Some also say the industrial countries should use such a forum to direct the IMF to be more flexible in prescribing cures for hard-hit developing countries. The IMF, in this view, should rely less heavily on spending cuts and tax hikes, which too often help push countries into deeper downturns.
Finally, some analysts suggest that the industrial powers also draw a rhetorical line in the sand, serving notice that they will protect regions, such as Latin America, that have made painful reforms of their own but are being battered anyway by rogue financial markets.
"If they really believe that all we have to fear is fear itself, then they ought to stand up and tell us that," says Alan Stoga, strategist at Zemi Investments, a Wall Street firm. "The markets are sensing it; their absence is beginning to have consequences."
While assembling such packages would not be easy, the major industrial countries, led by the United States, put together similar grand bargains in the late 1970s and 1980s to deal with international financial problems and carried them off reasonably well.
Perhaps the best-known example is the 1985 Plaza Accord. Meeting in New York's Plaza Hotel, the G-7, at the instigation of the United States, engineered a spectacular decline in the value of the dollar, which eventually arrested the growing U.S. trade deficit and eased protectionist pressures here.
To be sure, despite the critics' fervor, leaders like Federal Reserve Board Chairman Alan Greenspan believe the recent collapse in U.S. stocks was necessary and overdue. Anyway, there is no easy fix for today's economic turmoil.
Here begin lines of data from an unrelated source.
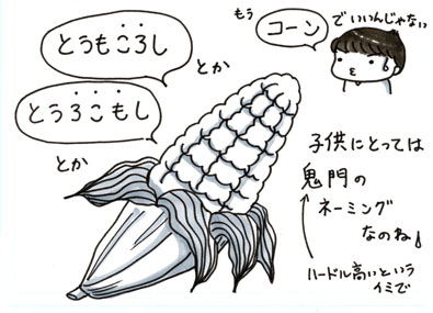 JUGEMテーマ:子育て絵日記 ちょっと言葉が遅いかな…と周囲を心配させていた にいにさんだが、3歳を過ぎる頃になると年相応に ちゃんとお話が出来るようになった。 しかしまだまだ舌が回らない様で、先日は 「バーベキュー」を「ばーべちゅー」と言ったり 「僕が寝てる時」を「僕が寝ててる時」と言ったり 「今日競争した」を「ちょう、ちょうそうした」と言ったり(鳥葬!?) そして子供のとって言いにくい単語ナンバーワンである トウモロコシを「とうろこもし」と言っていた。 &...
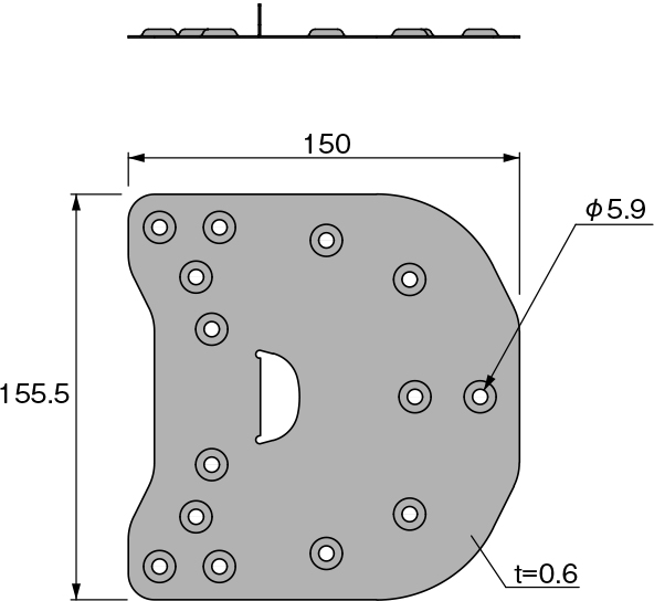 | 155.5×150×0.6(t) | AA109200 | 40枚 | 専用角ビットビス TBA-45(520本) | 6.8 |
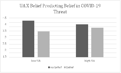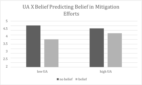 UA by belief in conspiracy effects: The interaction between UA and the belief group was significant for both belief in mitigation, beta = .64, p = .037, and belief in threat, beta = .63, p =.046. See Figures 4 and 5 for graphical depictions of these interactions. These effects were again analyzed separately by level of UA with a median split being used to separate those relatively high in UA from those who were relatively low. For the mitigation variable, when analyzing the low UA group independently, it was found that the no belief group (M = 4.53, SD = .50) was significantly higher than the belief group (M = 3.03, SD = .82), F (1, 48) = 44.42, p < .001. When analyzing the high UA group however, it was found that the no belief group (M = 4.21, SD = .90) was only marginally significantly higher than the belief group (M = 3.69, SD = 1.00), F (1, 53) = 3.07, p = .085.
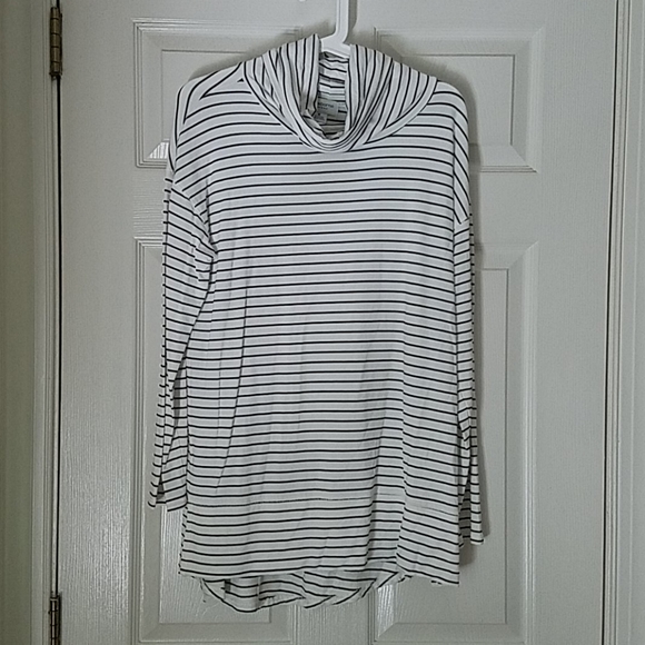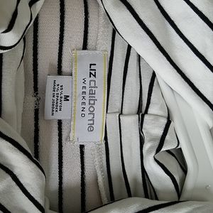 95% rayon 5% spandex. White with black stripes. Very clean and soft.
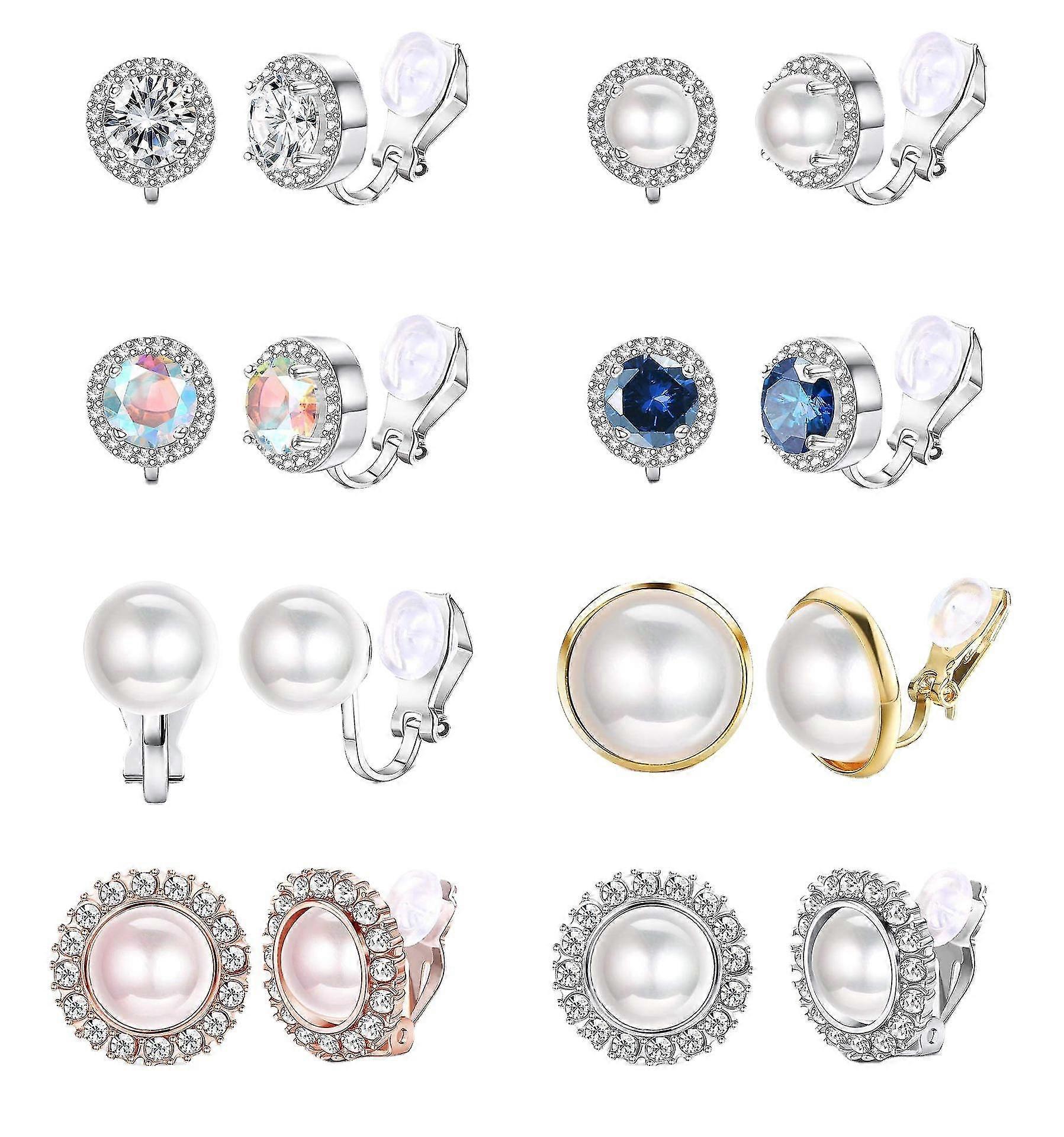 8 Pairs Clip Earrings Set For Women Rose Flower Cz Simulated Pearl Gold Knot Clip Earrings With Rubber Pads Non Pierced Hypoallergenic Clip On Earring
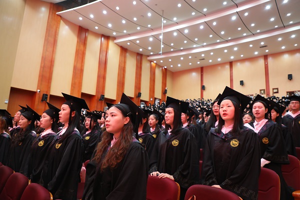 全体校领导依次为获得学士学位的毕业生代表授予学位证书,与学生握手,为其拔穗正冠。毕业生们向权杖郑重鞠躬,手捧证书,与校领导和主礼教授合影留念,在庄重的仪式中告别大学时光。
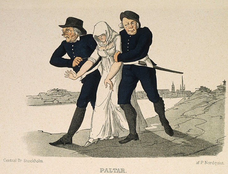 Separationsvakterna, nicknamed ”Paltar” (after a kind of blood pudding) as in this picture by Pehr Nordqvist, worked with female prisoners, often prostitutes. This woman could be one of those. Her dress and shoes are typical of the years around 1800.
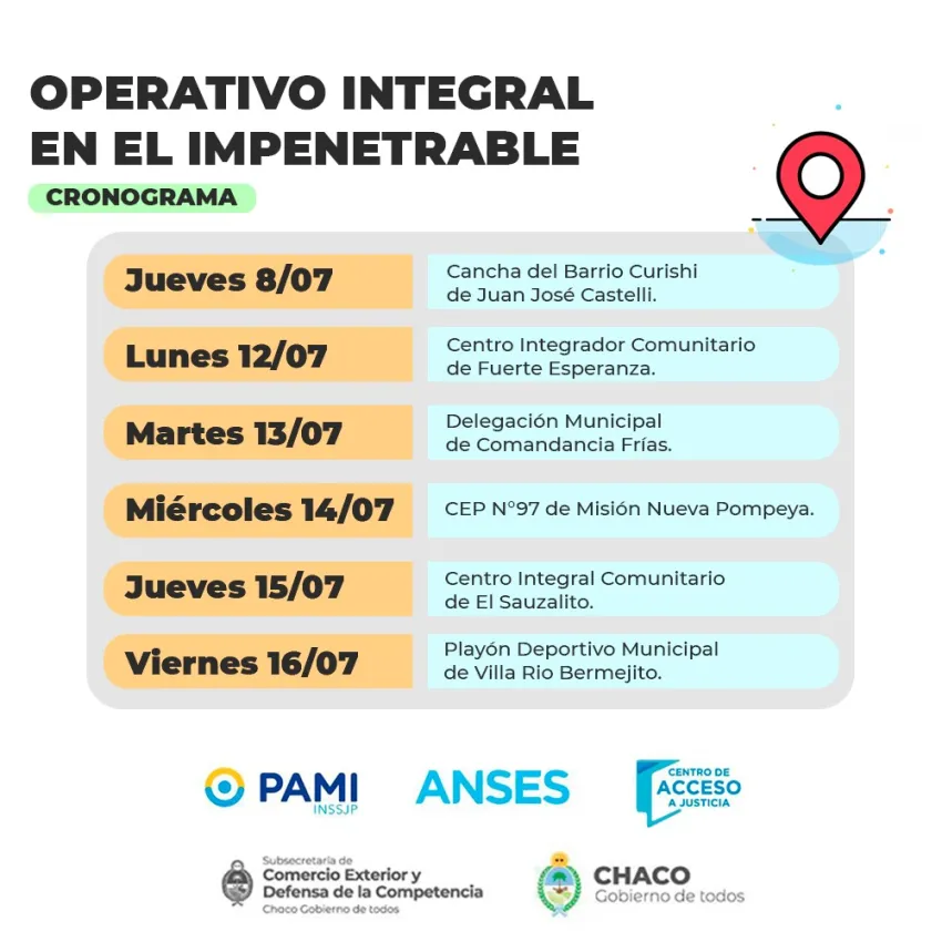 El gobierno provincial desarrollará, en conjunto con los gobiernos nacional y municipal, un nuevo operativo integral de asistencia y atención territorial en El Impenetrable chaqueño. La jornada inaugural iniciará este jueves 8 de julio, a las 14, en la cancha de fútbol del Barrio Curishi de Juan José Castelli.

Japan favors cutting interest rates to stimulate the global economy, but few other countries subscribe to that view. Federal Reserve Board officials, for example, have indicated that despite the global economic slump, they still worry about economic overheating here at home.
The Fed is painfully aware of what happened after the 1987 stock market crash, when it cut interest rates to help stem the slide in stock prices. The result: Inflation got out of hand, triggering a recession in 1990 and 1991.
Many authorities remain unconvinced that an interest-rate cut here would do any good. Long-term interest rates have already fallen as capital has poured into the United States, and the U.S. economy still has a lot of momentum.
Gregory B. Fager, economist at the Institute of International Finance, argues that a little waiting on the part of policymakers may not be so bad, if only to make sure where things are headed before they act.